Azylis ist süß. Sie lächelt, brabbelt, strahlt. Fast alle Beschwerden, die von der Chemotherapie herrührten, sind verschwunden. Sie hat keine körperlichen Beschwerden oder Schmerzen mehr. Es geht ihr gut. Auch wenn sie noch immer kein Fläschchen annimmt, scheint sie kräftig zu sein. Und zwar in jeder Hinsicht. Allerdings ist das ein bisschen gemogelt: Ihre rundlichen Wangen sind auf das Cortison zurückzuführen.
Auf der Isolierstation gibt es eine Psychologin, die sich auf Wunsch um die Eltern und die kleinen Patienten kümmert. Sie besucht mich regelmäßig. Im Lauf der Wochen wird die Verbindung zwischen uns immer stärker. Ich genieße unsere Gespräche und ertappe mich dabei, sie beinahe herbeizusehnen.

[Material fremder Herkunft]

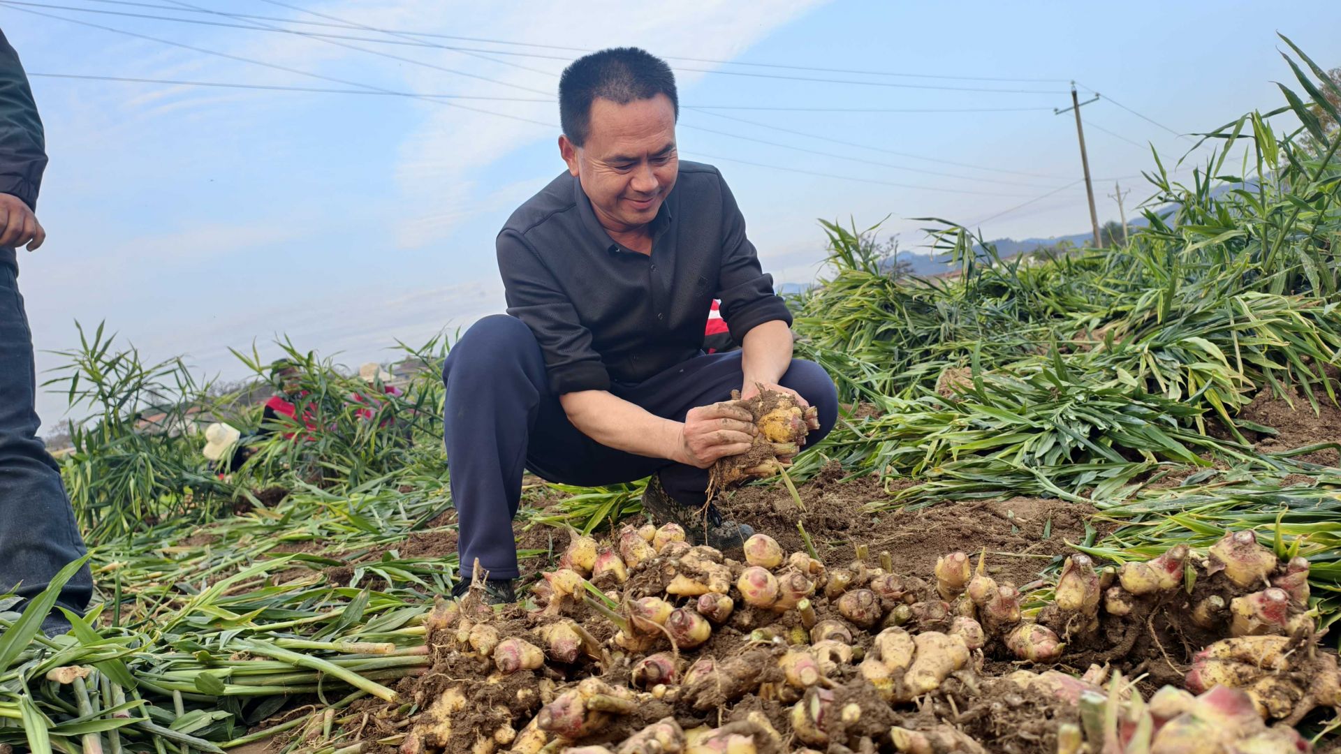 “這生姜個頭大、品相好,掰開辛香味撲鼻,今年準(zhǔn)能賣個好價錢!”正在采收的村民臉上滿是喜悅,將新鮮生姜在身后整齊碼放。

Ihre professionelle Herangehensweise und ihre vernünftigen Überlegungen helfen mir, diese schwierige Zeit so gut wie möglich durchzustehen.
Eines unserer Gespräche dreht sich um Azylis’ Wohlbefinden. Wir haben beide den Eindruck, dass die Kleine angesichts ihrer Lebensumstände eine außergewöhnliche Lebensfreude an den Tag legt. Wenn man genauer darüber nachdenkt, ist das allerdings nicht verwunderlich. Für sie sind die Umstände nichts Ungewöhnliches, nur für uns. Wir fühlen uns in diesem Zimmer beunruhigt, nicht sie. Denn dieses Zimmer ist ihre Welt, etwas anderes kennt sie kaum. Zwei Drittel ihres Lebens hat sie hier im Zimmer Obelix verbracht. Sie ist daran gewöhnt, uns mit Masken, Hauben, Kitteln und Überschuhen zu sehen. Das Piepsen der Apparate, die durch die Gegensprechanlage verzerrten Stimmen und die Tonsignale der Spritzenpumpe machen ihr keine Angst, denn sie wohnt hier. Die mitfühlenden Krankenschwestern verhätscheln und verwöhnen sie und knuddeln sie auch gern einmal, wenn es möglich ist. Azylis hat den Vorteil, dass ihr Papa oder ihre Mama ständig bei ihr sind – etwas, worum viele andere Kinder sie sicher beneiden würden. Für einen Säugling ist die Anwesenheit seiner Eltern ein geradezu lebensnotwendiges Bedürfnis. Und solange wir da sind, ist alles gut.
»MAMA, WANN FAHREN WIR ENDLICH WIEDER NACH HAUSE?«
Gaspard ist traurig. Seit die Ferien zu Ende sind, ist er zunehmend unzufrieden mit dem Aufenthalt in Marseille. Ihm wird klar, was er in Paris zurückgelassen hat und was ihm fehlt. Seine Schule, sein Zuhause, seine eigene Welt. Natürlich gefällt ihm auch Marseille mit seinem milden Klima, dem nahen Meer und der unbeschwerten Lebensart. Aber er gehört nicht hierher und hat den Eindruck, ein Fremder in dieser Stadt zu sein. Jeden Tag fällt es ihm ein wenig schwerer, fröhlich zu sein. Er hat keine Freunde und fühlt sich fremd, obwohl er mit allen Mitteln versucht, sich anzupassen und angenommen zu werden.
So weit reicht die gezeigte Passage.